Peter Ogburn and Eddie Scarry contributed to this report.

Roll Call’s Next Editor: Who Will it Be?

As Roll Call searches high and low for a new editor, we bring you the prospects and tell you why each candidate will get the job offer and why he or she will not. CQ Roll Call has faced a lot of changes, layoffs and departures this year and more tweaks are on the way with the official merging of CQ Today and Roll Call in November. But first things first — with the recent departure of Editor Scott Montgomery to NPR, they need a new leader, a strong hand who needs authority and freedom to revamp the publication. In the interim they’ve placed CQ Roll Call Deputy Executive Editor Randy Wynn in charge. There’s a great nostalgia and affection for Roll Call among the alums around town. People want to see it succeed. But where is management going with it? In the words of a source long familiar with the inner workings of the publication, searching for a new editor is like asking someone to be captain of a team. The worry is, no one knows what sport they’re playing. The hopefuls are in no significant order. Nor have all of these folks been formally approached by management. CQ Roll Call Publicist Rebecca Gale declined to comment on the list of hopefuls. We wrote all the potential editors, most of whom either declined to comment or didn’t respond to a request for comment.

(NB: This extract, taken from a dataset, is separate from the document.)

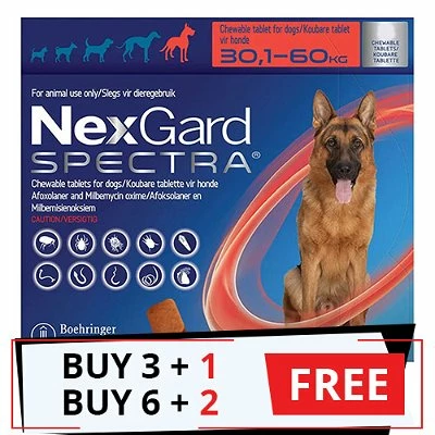 NexGard Spectra red for extra large dogs is a beef-flavored chewable that is highly effective in treating and preventing fleas, ticks, intestinal worms, as well as heartworm disease. It is available in five different pack sizes as a soft, chewable tablet with a beef flavor. NexGard Spectra red extra large dog pack is designed specifically for dogs weighing between 66 to 132 lbs. It controls flea infestation in dogs for 5 weeks, tick infestation for 4 weeks.

1. Emily Pierce: Roll Call Senate Editor

Why she’ll get it: A great editor and well-liked by reporters. She came up through the ranks and has been in the newsroom for about a decade. Can anyone remember Roll Call having a female at the helm? Would be a nice touch.

Why she won’t: She lacks experience as a upper level manager. “Although she’s fantastic I doubt they’d go for her,” one spy remarked.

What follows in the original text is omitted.